Riders of the Purple Sage is a 1925 American silent Western film directed by Lynn Reynolds and starring Tom Mix, Mabel Ballin, and Warner Oland. Based on the 1912 novel Riders of the Purple Sage by Zane Grey, the film is about a former Texas Ranger who pursues a corrupt lawyer who abducted his married sister and niece. His search leads him to a remote Arizona ranch and the love of a good woman.

The film is preserved today.

Plot
When corrupt lawyer Lew Walters (Warner Oland) is run out of a Texas town, he abducts Millie Erne (Beatrice Burnham) and her young daughter Bess and forces them to accompany him, leaving behind a heartbroken husband and father. Millie's brother, Texas Ranger Jim Carson (Tom Mix), leaves his service behind, takes the name Jim Lassiter, and dedicates his life to finding Walters and his sister and niece. After many years, his search leads him to Cottonwood, Arizona, and the ranch of Jane Withersteen (Mabel Ballin). Jane is attracted to the stranger after he rescues her chief rider, Bern Venders (Harold Goodwin), from being flogged for a crime he did not commit. She tells him that Millie died while searching for her daughter after little Bess was abducted.

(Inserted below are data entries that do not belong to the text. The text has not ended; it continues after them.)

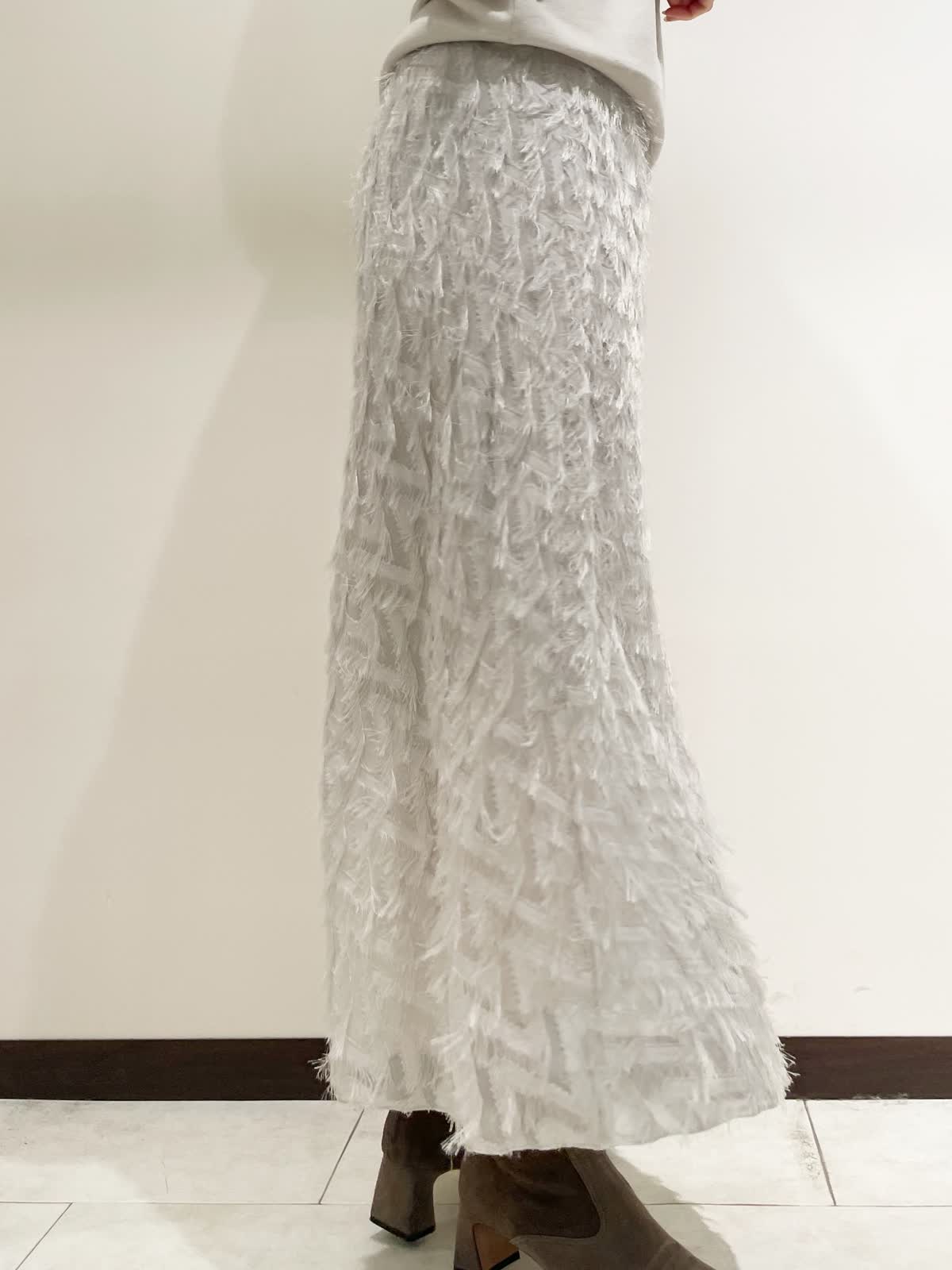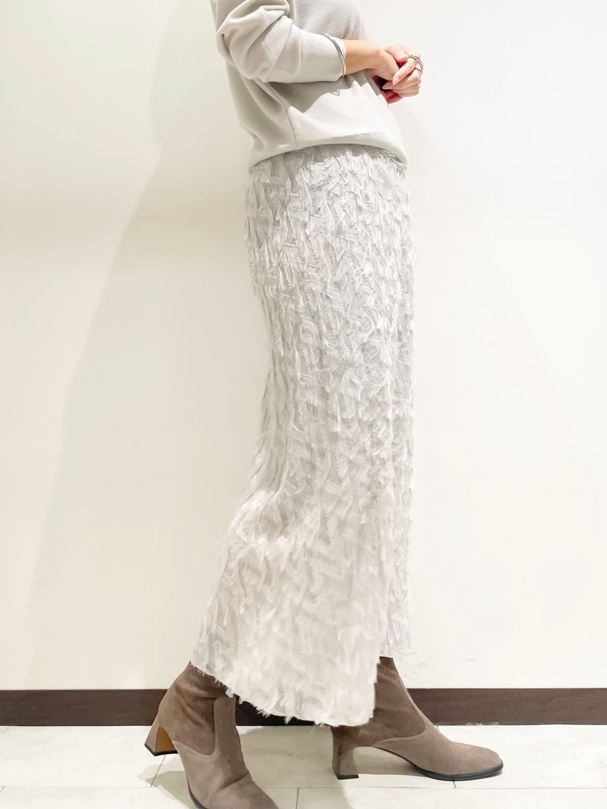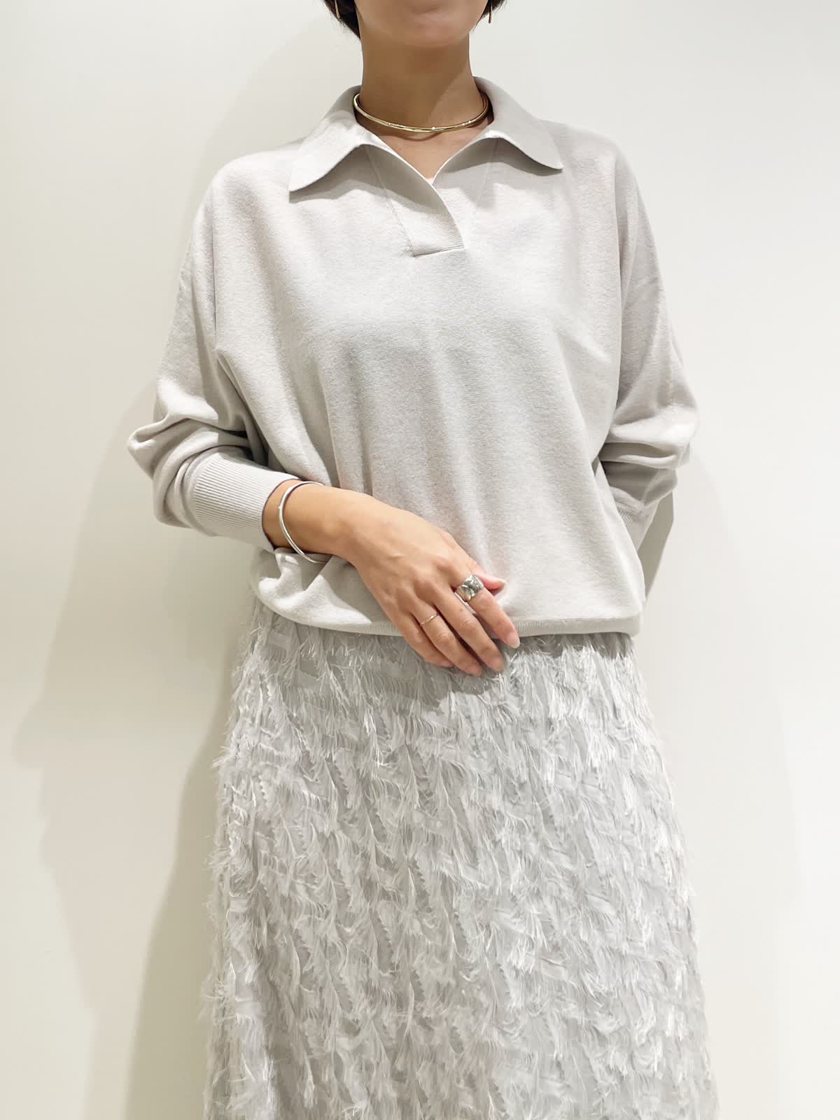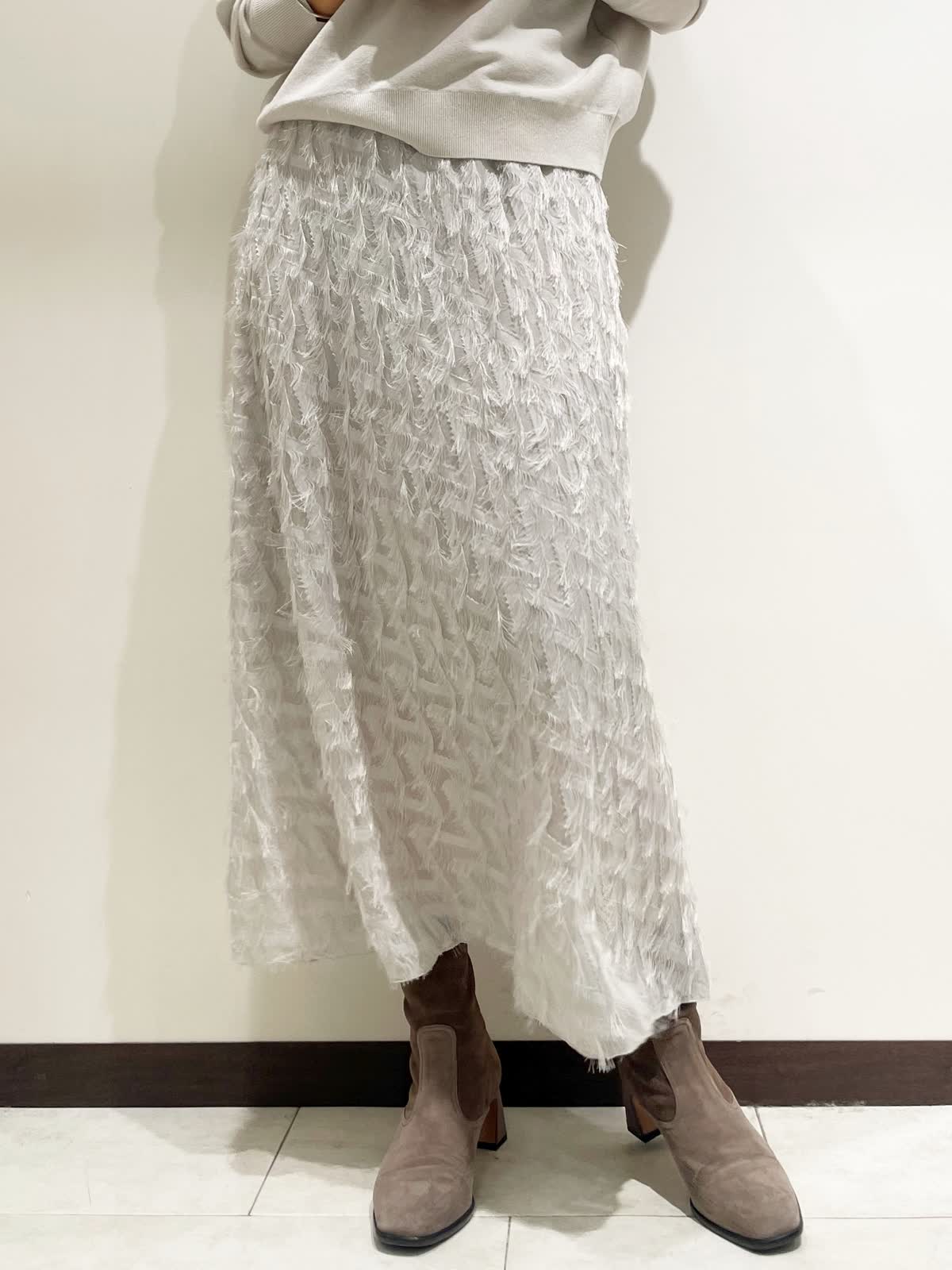 【着用サイズ】全て9号 【カラー】ニット:グレーベージュ スカート:グレー バック:グレーベージュ ネックレス:ゴールド 【コーディネートテーマ】 秋のニュアンスカラーコーデ ワントーンで上品なスタイリングに。 【サイズ感】 ニット:やや緩め チクチク感が無くとても着心地が◎ スカート:標準ウエストオールゴム フリンジとシアー素材が存在感あります。 163p 普段9号サイズ 骨格ウェーブで上半身に比べてヒップがやや大きい
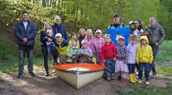 Große Freude bei den Waldgruppen der Kita Zwergenland: Die Kinder haben ein neues Spielboot bekommen.
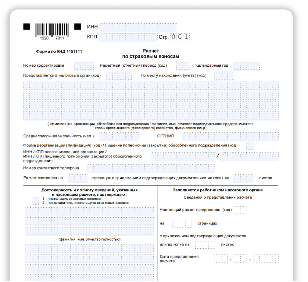 Пример формы расчета по страховым взносам, актуальной на 2025 год
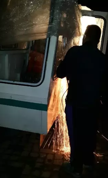 經(jīng)與客戶溝通,最終決定將司機室的把手切割掉。
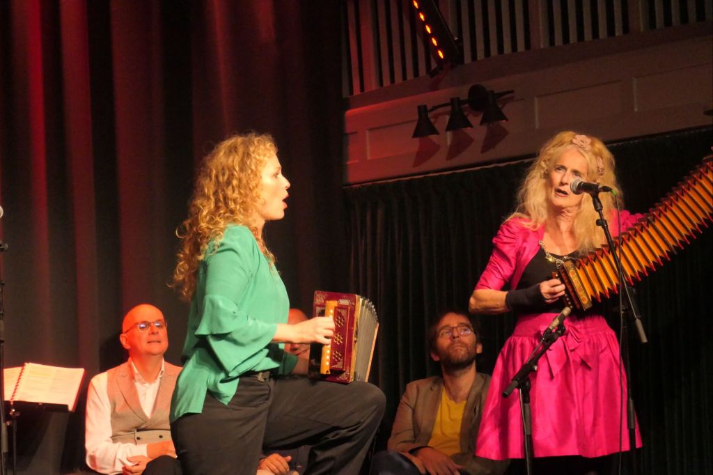 Dann war Pause. Nachher startete gleich wieder Caroline Bungeroth. Dieses Mal setzte sie sich mit den Unterschieden der deutschen Sprache und der Berner Mundart auseinander, erzählte, wie sie Schweizerin wurde, und spielte auf dem Schwyzerörgeli sie jodelte noch dazu. Zusammen mit Christine Lauterburg, örgelten die Frauen und jodelten. „Mir Senne heis luschtig“ bekam dann noch einen deutschen Anhang.
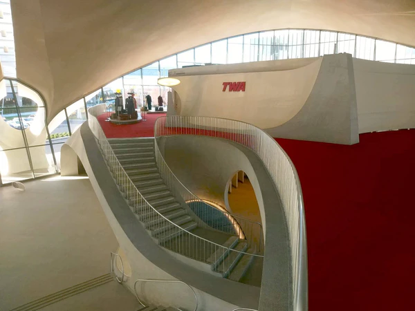 Нынешний терминал JetBlue и здание отеля TWA расположены к востоку от первоначального здания. Входной зал терминала состоит из двух рукавов, которые в форме полумесяца огибают здание авиационного центра TWA[13][14].
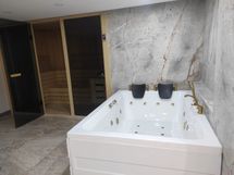 - Suihkuseinä, Suihku, Kylpyamme, Tassuamme, Suihkukaappi, Useita suihkuja, Poreamme, Kuivauskaappi, Kosteusvahti, Pesukone, Pesukonevalmius, Allaskaappi, Peilikaappi, Avattava ikkuna, Erillinen WC, Lattialämmitys
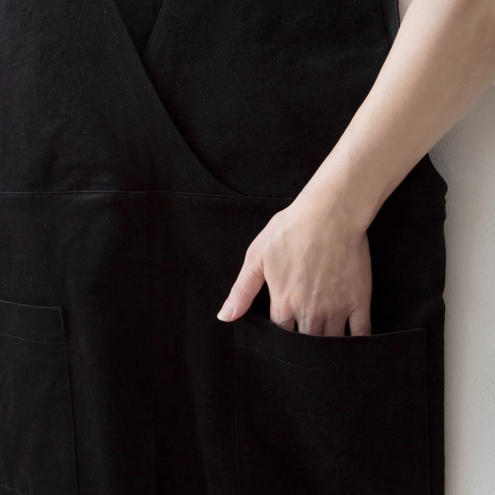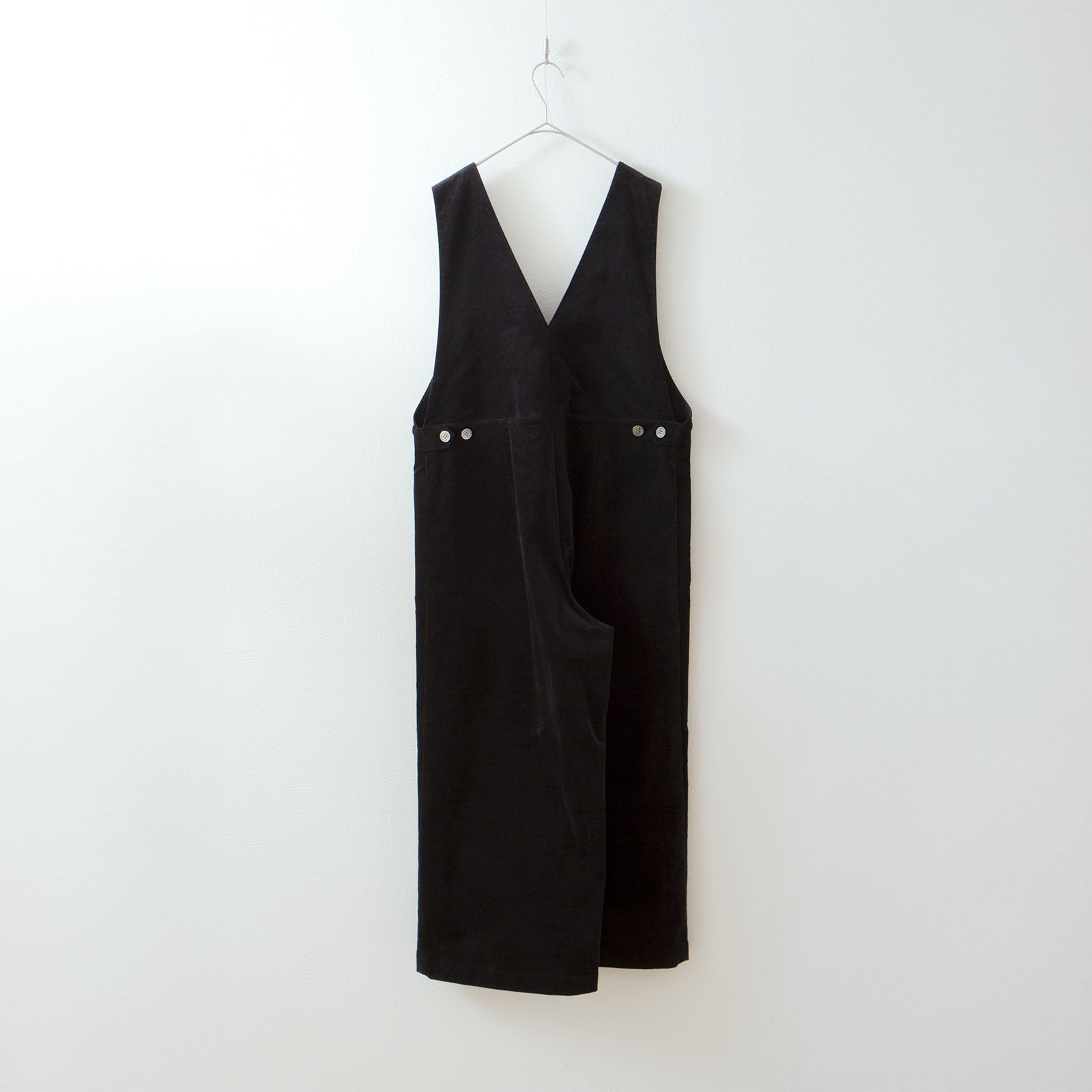 前身採用環繞式設計,後身採用深 V 領設計,使工裝褲看起來精緻而又不會過於休閒。

Lassiter and Venters go after a gang of rustlers who have been raiding the Withersteen ranch and stealing their cattle. They wound and capture the masked leader of the gang, who turns out to be a young beautiful woman. She is revealed to be Bess Erne (Marion Nixon), Lassiter's long-lost niece. Venters takes charge of the wounded girl, taking her to a secret location, Surprise Valley. The two soon fall in love, and leave the valley to marry.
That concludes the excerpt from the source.